> **Entries supplied**
# # # # #

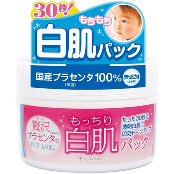 ホワイトラベル贅沢プラセンタのもっちり白肌パック30秒おいて洗い流すだけで、プラセンタがキメを整えしっとりつるつる肌に。
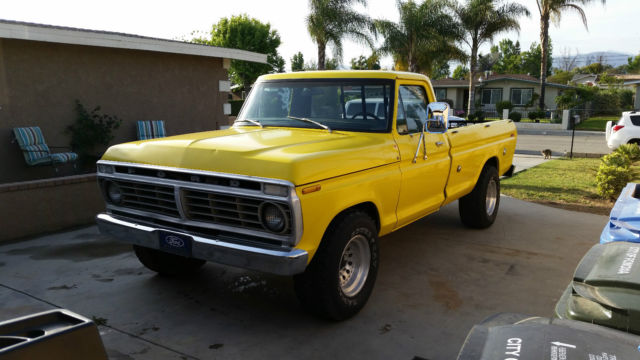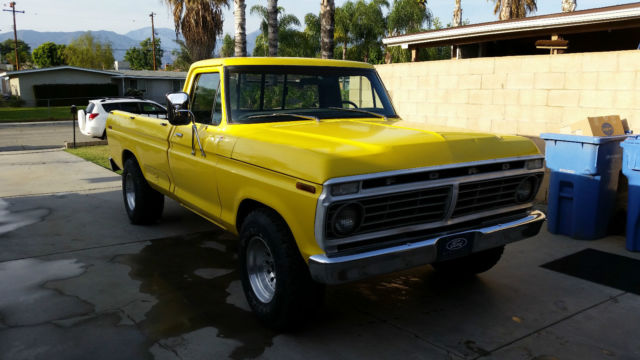 FOR SALE - NO RESERVE AUCTION!!! TRUCK WILL BE SOLD 1973 FORD F-250 PICKUP TRUCK - 390V8 - AUTOMATIC BLACK INTERIOR, CLEAN REBULIT MOTOR -10,000 MILES BRAND NEW TRANSMISSION BRAND NEW EXHUAST ZERO RUST CALIFORNIA/ARIZONA PICKUP TRUCK TRUCK RUNS LIKE A NEW TRUCK ALUMINUM ALLOY WHEELS NEW SPRAY ON BED LINER STEREO SYSTEM WORKS GOOD 33" TIRES THINGS THAT NEED FIXED: FUEL GAUGE, SECONDARY TANK HAS NOT BEEN USED IN YEARS AND IS UNKNOWN IF IT WILL WORK, AND WILL PROBABLY NEED TO BE CLEANED. PAINT IS PASSABLE BUT WILL NEED A NEW PAINT JOB TO BRING THE TRUCK TOGETHER, ITS CHIPPING IN SOME PLACES, ITS GETTING OLD, BUT ONCE PAINTED, IT WILL BE A PERFECT TRUCK. BUT FOR NOW PAINT WILL PASS. TRUCK RUNS GREAT, A PLEASURE TO DRIVE, WE USED IT TO RUN FOR GROCERIES AND WERE PLANNING ON GETTING IT PAINTED, THE BODY IS IN GREAT SHAPE EXCEPT FOR ONE SAMLL DENT ON THE HOOD. ASK ANY QUESTIONS ILL ASSIST IN ANYWAY I CAN. IVE SOLD VEHICLES IN THE PAST ON EBAY YOU CAN CHECK MY FEEDBACK I TRY TO MAKE THE DEAL AS PAINLESS AS POSSIBLE. SHIPPING IS THE BUYERS RESPOSIBILITY BUT I WILL BE HAPPY TO ASSIST. PLEASE ASK ANY QUESTIONS, THIS TRUCK IS FROM THE 70'S AND PLEASE DONT EXPECT IT TO PERFECT. THE TRUCK IS FOR SALE LOCALLY AND WE RESERVE THE RIGHT TO END THE AUCTION AT ANY TIME. WINNING BIDDER NEEDS TO SEND DEPOSIT VIA PAYPAL WITHIN 48 HOURS. DEPOSIT IS $500. THE BALANCE IS DUE IN FIVE DAYS AND I CANNOT ACCEPT PAYPAL FOR THE BALANCE I WILL ACCEPT CASH, BANK CHECK, OR A WIRE TRANSFER. IF YOU CAN MAKE IT TO POMONA CALIFORNIA STOP IN AND CHECK THIS TRUCK OUT, YOU WILL NOT BE DISAPPOINTED. PLEASE DO NOT BID UNLESS YOU INTEND TO PAY!! THANKS FOR LOOKING!!!! CALL OR TEWXT ME IF YOU WANT TO DISCUSS THE TRUCK - RON 951-743-1362
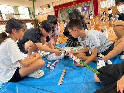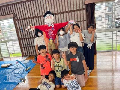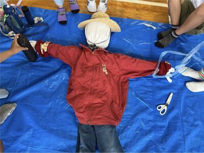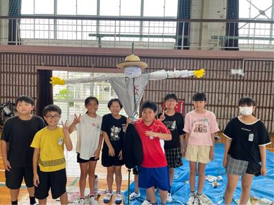 総合の学習で、お米作りをしている5年生ですが、今日は田んぼを守るために、体育館でかかし作りを行いました。
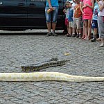 Na Placu Marsz. J. Piłsudskiego węże kusiły kutnian i kutnianki. Jabłek może i nie oferowały, lecz publiczność chętnie brała je w ramiona. Najniebezpieczniejsza z trójki zaprezentowanych przez fakira Radamesa gadów okazała się albinoska pytona tygrysiego Lena, gotowa zapolować na gołębia, dlatego szybko wróciła do kufra. Na szyi poskramiacza wisiał spokojny boa Kalif. Natomiast zgromadzeni kutnianie mieli okazję bliżej zapoznać się z pytonem tygrysim Aleksandrem, nieustannie pokazującym język.
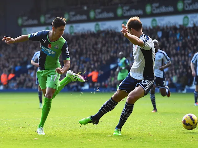Saido Berahino was lucky to escape a booking after a mis-timed tackle on Fabricio Coloccini, and it was Sammy Ameobi who had the Magpies' best chance of the half prior to the goal.
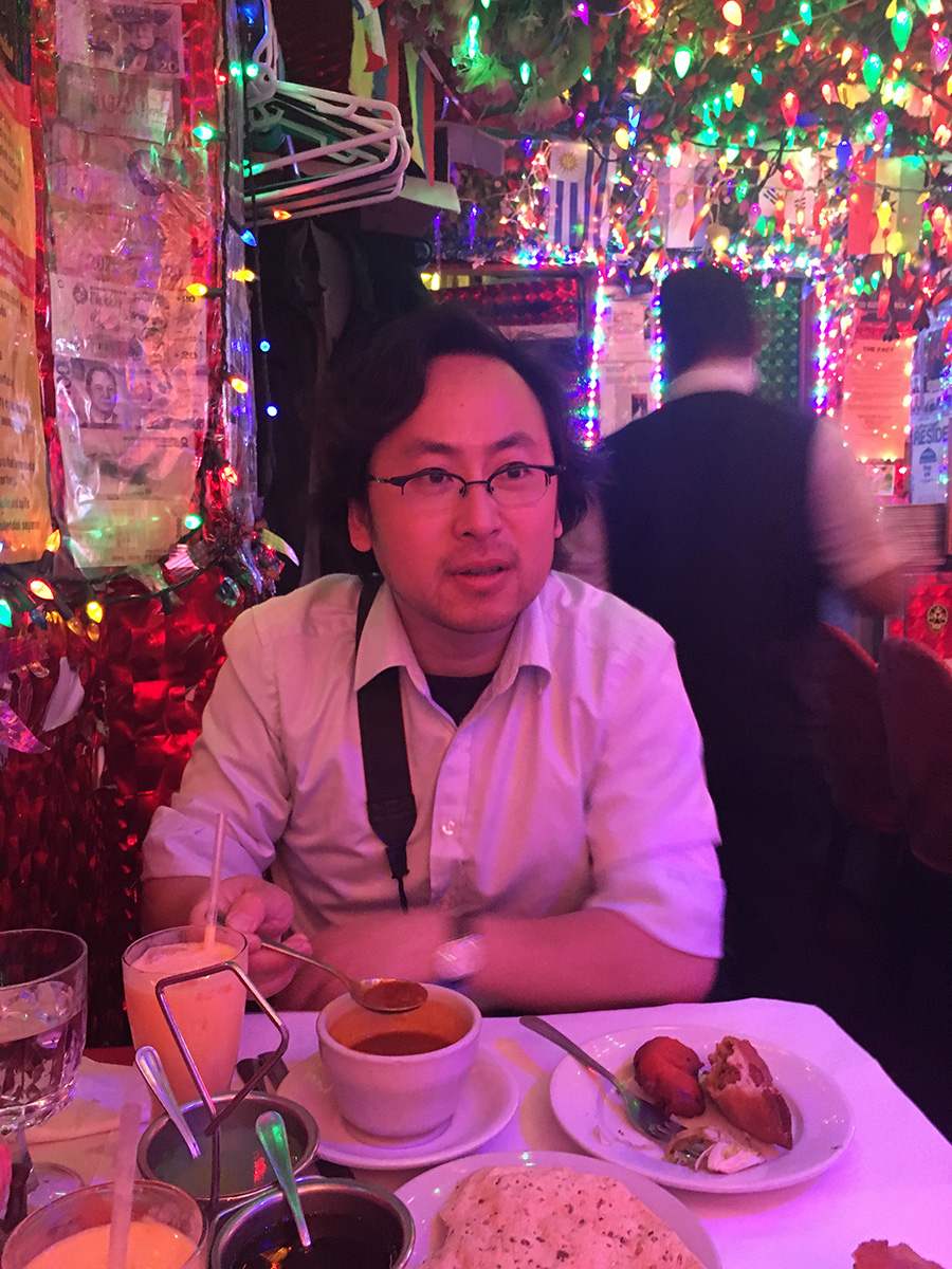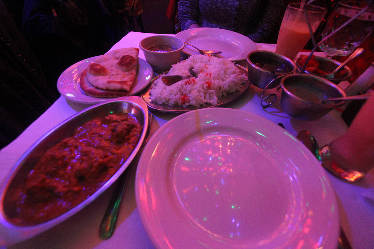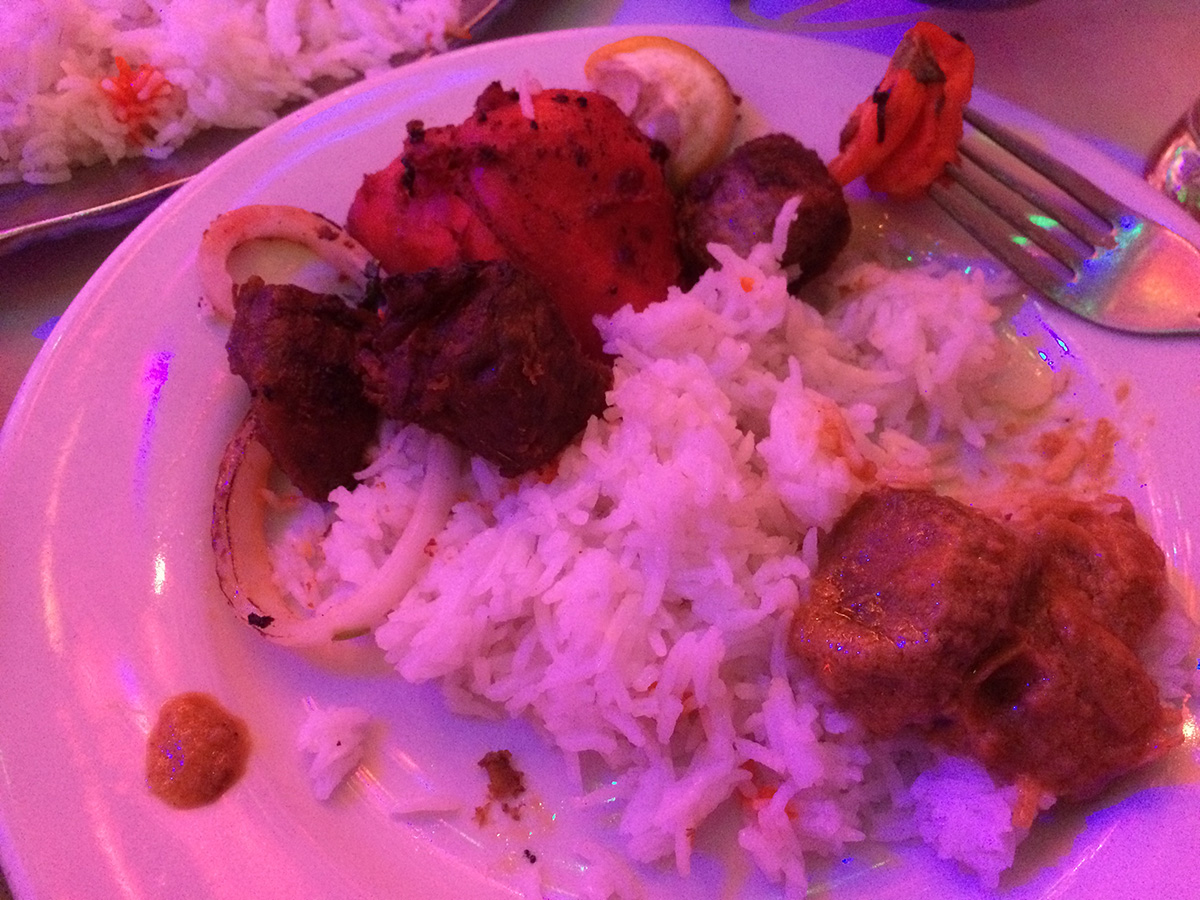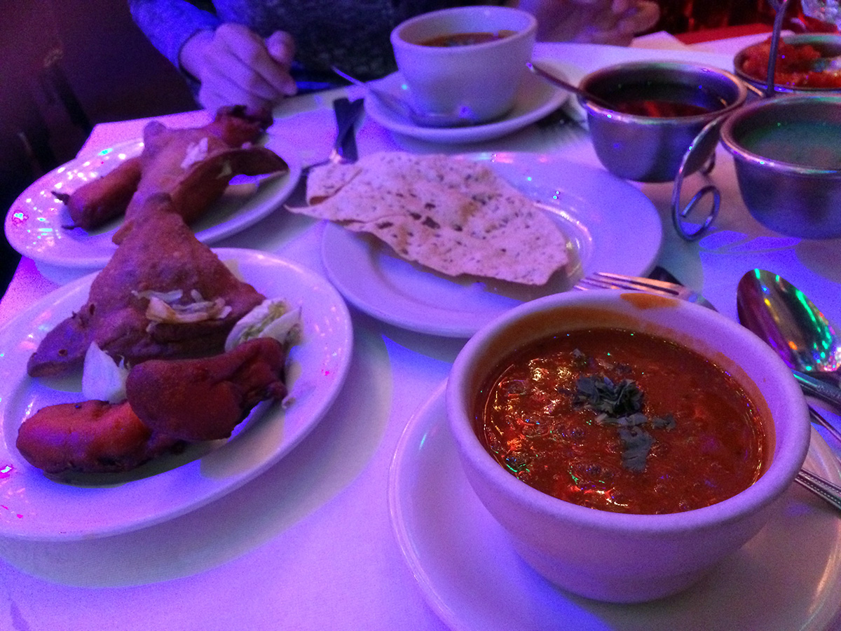 while we waited for our food, we looked at the information taped to the wall. apparently this restaurant was featured in an episode of netflix's daredevil (season 2 episode 5). i ordered the samosas while wangyang got the fried eggplant which tasted so sweet i could've sworn they were sweet potatoes. the soup they delivered was mulligatawny, which i've only heard about but never tried before. it tasted good, but hard to pin-point the exact flavor (as often the cause with indian food which contains a complex spice blend). by that point we were already a little full, and the main course hadn't arrived yet! wangyang got a mixture of barbecued meats while i got a sweet lamb curry that had coconut milk, raisin, and almonds in it. i ate until i was nearly bursting, and couldn't finish everything.

# # # # #

> **Try it**
Your answer must be the full set of entries, set down exactly and without pictures.

> **Task response**
 ホワイトラベル贅沢プラセンタのもっちり白肌パック30秒おいて洗い流すだけで、プラセンタがキメを整えしっとりつるつる肌に。
 FOR SALE - NO RESERVE AUCTION!!! TRUCK WILL BE SOLD 1973 FORD F-250 PICKUP TRUCK - 390V8 - AUTOMATIC BLACK INTERIOR, CLEAN REBULIT MOTOR -10,000 MILES BRAND NEW TRANSMISSION BRAND NEW EXHUAST ZERO RUST CALIFORNIA/ARIZONA PICKUP TRUCK TRUCK RUNS LIKE A NEW TRUCK ALUMINUM ALLOY WHEELS NEW SPRAY ON BED LINER STEREO SYSTEM WORKS GOOD 33" TIRES THINGS THAT NEED FIXED: FUEL GAUGE, SECONDARY TANK HAS NOT BEEN USED IN YEARS AND IS UNKNOWN IF IT WILL WORK, AND WILL PROBABLY NEED TO BE CLEANED. PAINT IS PASSABLE BUT WILL NEED A NEW PAINT JOB TO BRING THE TRUCK TOGETHER, ITS CHIPPING IN SOME PLACES, ITS GETTING OLD, BUT ONCE PAINTED, IT WILL BE A PERFECT TRUCK. BUT FOR NOW PAINT WILL PASS. TRUCK RUNS GREAT, A PLEASURE TO DRIVE, WE USED IT TO RUN FOR GROCERIES AND WERE PLANNING ON GETTING IT PAINTED, THE BODY IS IN GREAT SHAPE EXCEPT FOR ONE SAMLL DENT ON THE HOOD. ASK ANY QUESTIONS ILL ASSIST IN ANYWAY I CAN. IVE SOLD VEHICLES IN THE PAST ON EBAY YOU CAN CHECK MY FEEDBACK I TRY TO MAKE THE DEAL AS PAINLESS AS POSSIBLE. SHIPPING IS THE BUYERS RESPOSIBILITY BUT I WILL BE HAPPY TO ASSIST. PLEASE ASK ANY QUESTIONS, THIS TRUCK IS FROM THE 70'S AND PLEASE DONT EXPECT IT TO PERFECT. THE TRUCK IS FOR SALE LOCALLY AND WE RESERVE THE RIGHT TO END THE AUCTION AT ANY TIME. WINNING BIDDER NEEDS TO SEND DEPOSIT VIA PAYPAL WITHIN 48 HOURS. DEPOSIT IS $500. THE BALANCE IS DUE IN FIVE DAYS AND I CANNOT ACCEPT PAYPAL FOR THE BALANCE I WILL ACCEPT CASH, BANK CHECK, OR A WIRE TRANSFER. IF YOU CAN MAKE IT TO POMONA CALIFORNIA STOP IN AND CHECK THIS TRUCK OUT, YOU WILL NOT BE DISAPPOINTED. PLEASE DO NOT BID UNLESS YOU INTEND TO PAY!! THANKS FOR LOOKING!!!! CALL OR TEWXT ME IF YOU WANT TO DISCUSS THE TRUCK - RON 951-743-1362
 総合の学習で、お米作りをしている5年生ですが、今日は田んぼを守るために、体育館でかかし作りを行いました。
 Na Placu Marsz. J. Piłsudskiego węże kusiły kutnian i kutnianki. Jabłek może i nie oferowały, lecz publiczność chętnie brała je w ramiona. Najniebezpieczniejsza z trójki zaprezentowanych przez fakira Radamesa gadów okazała się albinoska pytona tygrysiego Lena, gotowa zapolować na gołębia, dlatego szybko wróciła do kufra. Na szyi poskramiacza wisiał spokojny boa Kalif. Natomiast zgromadzeni kutnianie mieli okazję bliżej zapoznać się z pytonem tygrysim Aleksandrem, nieustannie pokazującym język.
Saido Berahino was lucky to escape a booking after a mis-timed tackle on Fabricio Coloccini, and it was Sammy Ameobi who had the Magpies' best chance of the half prior to the goal.
 while we waited for our food, we looked at the information taped to the wall. apparently this restaurant was featured in an episode of netflix's daredevil (season 2 episode 5). i ordered the samosas while wangyang got the fried eggplant which tasted so sweet i could've sworn they were sweet potatoes. the soup they delivered was mulligatawny, which i've only heard about but never tried before. it tasted good, but hard to pin-point the exact flavor (as often the cause with indian food which contains a complex spice blend). by that point we were already a little full, and the main course hadn't arrived yet! wangyang got a mixture of barbecued meats while i got a sweet lamb curry that had coconut milk, raisin, and almonds in it. i ate until i was nearly bursting, and couldn't finish everything.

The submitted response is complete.